Preview
Description
Primarily documents Ruth Payne Brown's two tours as a medical technician with the WAC (Women's Army Corps). Brown recalls her father's inability to serve in WWII; hearing about the attack on Pearl Harbor on TV; and her decision to join the WAC primarily for financial reasons. Topics related to Brown's first tour in the WAC include recruiting and training being shutdown during the winter holidays; the winter uniforms in basic; female sergeants; and her medical training, including videos, the grading system, and ward work. She also discusses being discharged from the WAC because of pregnancy, and divorcing her first husband, who was also in the army. " Brown discusses joining the WAC again in 1960, including having her parents adopt her son so she could begin her second tour.

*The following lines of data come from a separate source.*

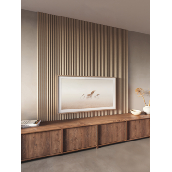 Met het kleurstaal van de lattenwand Decowall Acoustic Curve zand kan je thuis beoordelen of het wandpaneel past bij jouw huis en inrichting. Het kleurstaal hoort bij het paneel lattenwand 260x30cm (artikel 336979)
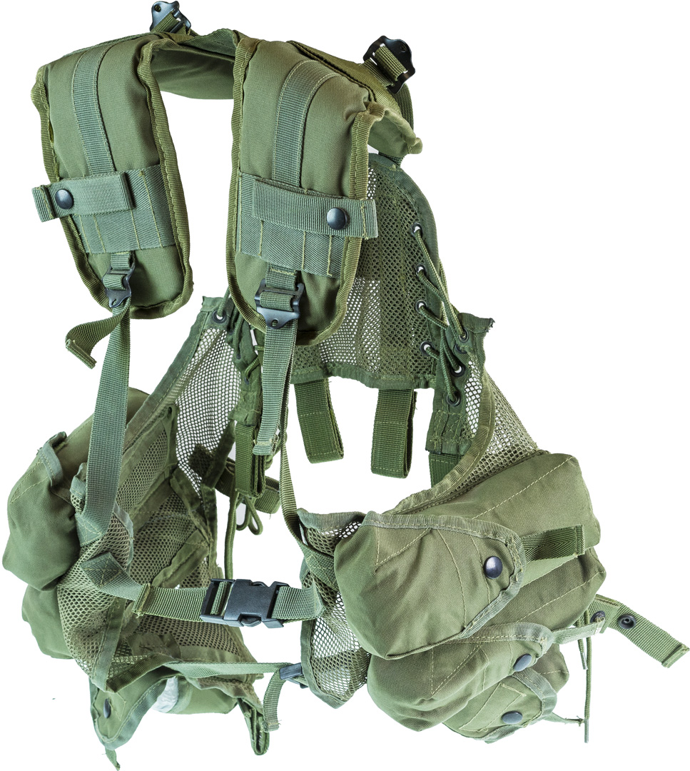 load bearing vest nuovo taglia unica regolabile in altezza e larghezza parte anteriore in rete di cordura traspirante 4 portacaricatori per serie colt e 2 porta-granate in posizione bassa taschine chiudibili tramite nastro a strappo e bottone automatico cinghie anteriori e posteriori lacci laterali elastici. 2 fibbie frontali 6 attacchi per cinturone spallacci imbottiti
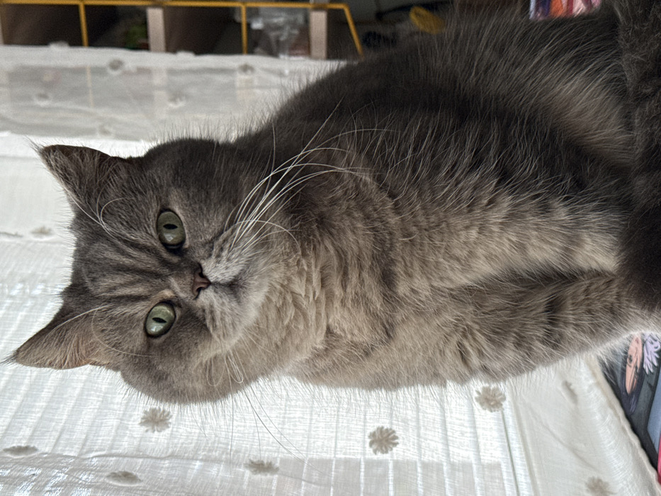 A medium-shot photograph captures a gray domestic cat in an indoor setting in Marchaevo, Bulgaria
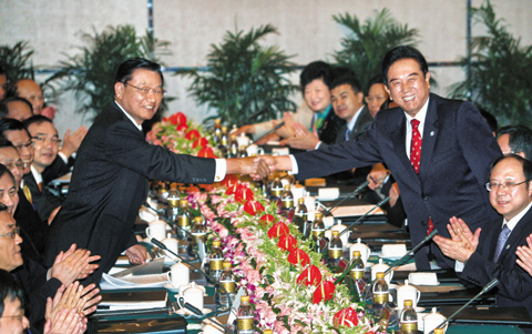 ▲ 중국과 대만이 29일 경제협력기본협정(ECFA)에 정식 서명했다. 이날 협상장인 충칭(重慶)시 소피텔 호텔에서 중국측 대표인 천윈린(陳雲林) 해협양안관계협회 회장(오른쪽)과 대만측 장빙쿤(江丙坤) 대만해협교류기금회 이사장이 서명에 앞서 악수하고 있다. /AP 연합뉴스
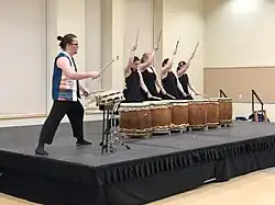 Kazenodaichi Taiko, a Taiko ensemble based at Bowling Green, Ohio performing at a convention organized by a university Anime Club
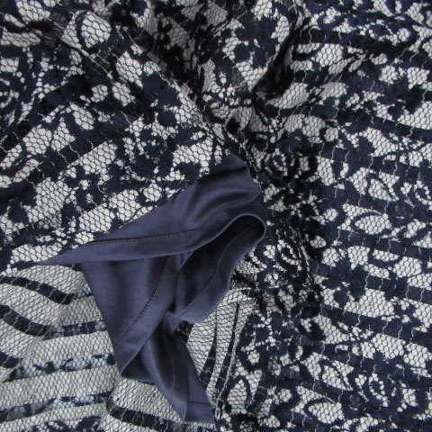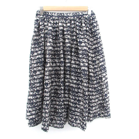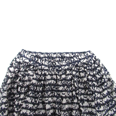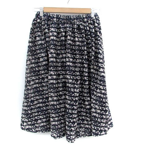 リミテッドエディション LIMITED EDITION フレアスカート ミモレ丈 総レース 花柄 ボーダー柄 38 オフホワイト 紺 ネイビー レディース
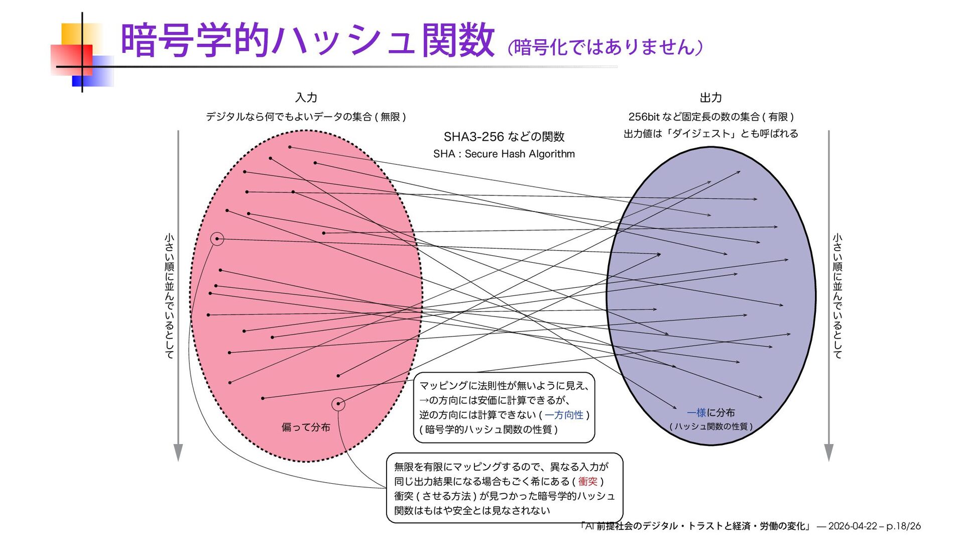 খ ͞ ͍ ॱ ʹ ฒ Μ Ͱ ͍ Δ ͱ ͠ ͯ খ ͞ ͍ ॱ ʹ ฒ Μ Ͱ ͍ Δ ͱ ͠ ͯ 4)"ͳͲͷؔ 4)"4FDVSF)BTI"MHPSJUIN Ұ༷ʹ ϋογϡؔͷੑ࣭ ภͬͯ Ϛοϐϯάʹ๏ଇੑ͕ແ͍Α͏ʹݟ͑ɺ ˠͷํʹ҆ՁʹܭࢉͰ͖Δ͕ɺ ٯͷํʹܭࢉͰ͖ͳ͍ Ұํੑ ҉߸ֶతϋογϡؔͷੑ࣭ ແݶΛ༗ݶʹϚοϐϯά͢ΔͷͰɺҟͳΔೖྗ͕ ಉ͡ग़ྗ݁ՌʹͳΔ߹͘͝رʹ͋Δ িಥ িಥ ͤ͞Δํ๏ ͕ݟ͔ͭͬͨ҉߸ֶతϋογϡ ؔ҆શͱݟͳ͞Εͳ͍ AI — 2026-04-22 – p.18/26
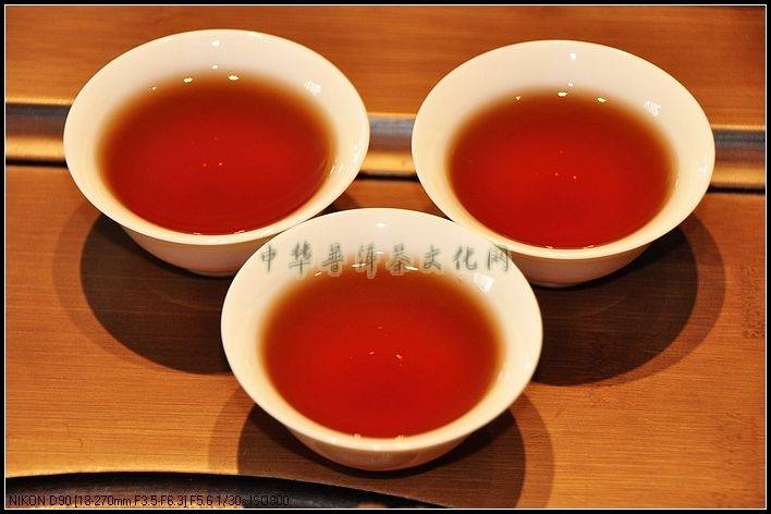 汤色:茶汤清澈透亮、呈宝石红、粘稠泛油光

She recalls sexual harassment from a colonel at Fort Leavenworth, Kansas; attempts to be transferred out of the base to avoid running into her ex-husband; and meeting her second husband in the burn unit of the 97th General Hospital in Germany. Other topics from her time in Germany include alert drills; social activities; being mistaken for a German woman; rules for proper conduct; interactions with servicemen; and rifle, bivouac, and driver's training. " Personal topics include her sister's enlistment in the WAC in the late 1950s; patriotism in America; and the treatment of veterans.